Our present is relevant to an ultimate that is otherwise unavailable to individual persons and to all creation.
It identifies ultimate and everlasting ends, as well as temporal means that lead to them through God's wise power rather than ours.
Perseverance in 'hopeless' situations is not only plausible but compelling.
Results and consequences can still be partly or wholly postponed, or unmeasurable.
Apocalyptic ethics cultivate patience and perseverance as virtues grounded on hope.
Pre-Christ, hope is grounded in the exodus and God's other demonstrated signs and wonders of deliverance.
The Son of Man's resurrection confirms and re-centers it.
IV. Apocalyptic Ethics' Shape
Living 'expectant lives' will shape the qualities that qualify us to inherit the Kingdom.
Our actions will not 'bring the Kingdom';
Instead, faithful actions will highlight the Kingdom as a future-and-present, earthly-and-heavenly reality.
Some NT examples of 'apocalyptic ethics':
It pursues godliness for present life and life to come (1 Tim 4:8):
trust, patience, perseverance, gratitude, love, hope, gentleness, humility, etc. (Matt 24-25).
It surrenders the relationship-killers on New Testament “vice lists” (for instance, 1 Cor 6:9-11, 2 Tim 3:1-5).
It longs for fulfillment and both mourns and rejoices in the meantime (Matt 5:3-16, Rom 8:18-26).
In a word, it fosters readiness for his appearing (Luke 12:39-40).
Our qualities that the Lord judges worthy (1 Cor 3:10-15) will be relevant not just to what precedes his coming, but especially to what follows it, so it is realist.

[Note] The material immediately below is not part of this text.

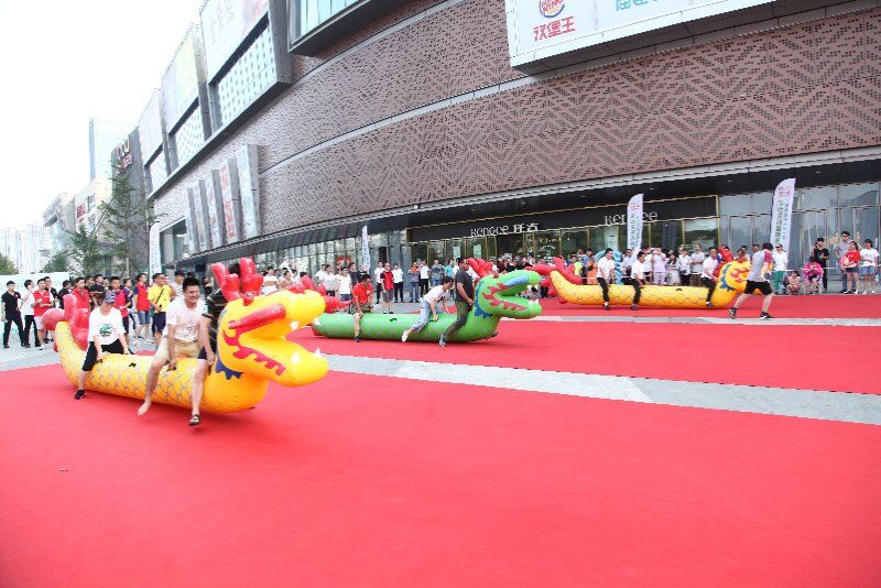 活动现场气氛异常活跃,“旱地龙舟趣味赛”得到了广大市民的积极参与,男女老少纷纷组团报名,六人一队,三队一组,发令后大家双腿跨骑在充气龙舟上,手提龙舟把手,“一二一,一二一……”在旱地上“划船”,使龙舟向前,向前,再向前。

The Lord expects both successes and failures:
Despite our failures, God receives and rewards the service of the faithful.

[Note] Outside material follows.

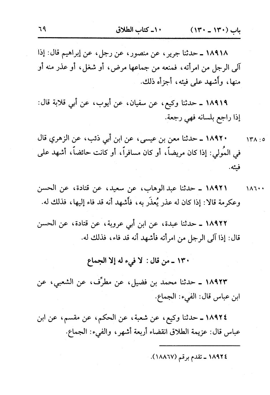 18924- حَدَّثَنَا وَكِيعٌ , عَنْ شُعْبَةَ ، عَنِ الْحَكَمِ , عَنْ مِقْسَمٍ ، عَنِ ابْنِ عَبَّاسٍ قَالَ : عَزِيمَةُ الطَّلاَقِ انْقِضَاءُ أَرْبَعَةِ أَشْهُرٍ وَالْفَيْءُ الْجِمَاعُ. (5/138).

Despite our successes, the Lord must still return to set all things right.
The Kingdom's arrival in Jesus anchors Christian apocalyptic ethics:
The Son gets his Father's goodness, and shares it with even the not-yet-comprehending, by grace through faith.
Lasting goodness results from Christ’s passion and resurrection.
Jesus' infinite goodness truly merits the Father's exaltation.
In his reign and appearing goodness returns, glorifying Son and Father in the Spirit.
The worthy Christ includes victims as well as forgiven enemies and persecutors in his spreading fellowship.
Jesus expresses genuine goodness in a bad and hardened world.
V. The Church's Deteriorating Futurology
Appreciation for the NT's apocalyptic perspective fades.
The multiplicity of good and bad final outcomes deteriorates as Gentile Christians lose the New Testament’s apocalyptic plot.
This reduced expectation to a disembodied 'heaven' or 'hell' on the basis of faith and/or works.
Distortions grew:
eternally disembodied personal futures, heaven as a never-ending worship service, neglect of present-age conditions or preoccupation with them in reaction, etc.
Platonism filled in gaps from neglected Jewish-Christian apocalypticism.
Christianity's 'interim ethic' adapted to this narrowed expectation, and
Christian ethics developed in these distorted contexts,
displacing and replacing virtues proper to our true apocalyptic context.
Appreciation of Jewish apocalyptic expectation has recovered somewhat in the last couple of centuries, bringing fresh opportunities for significant reform.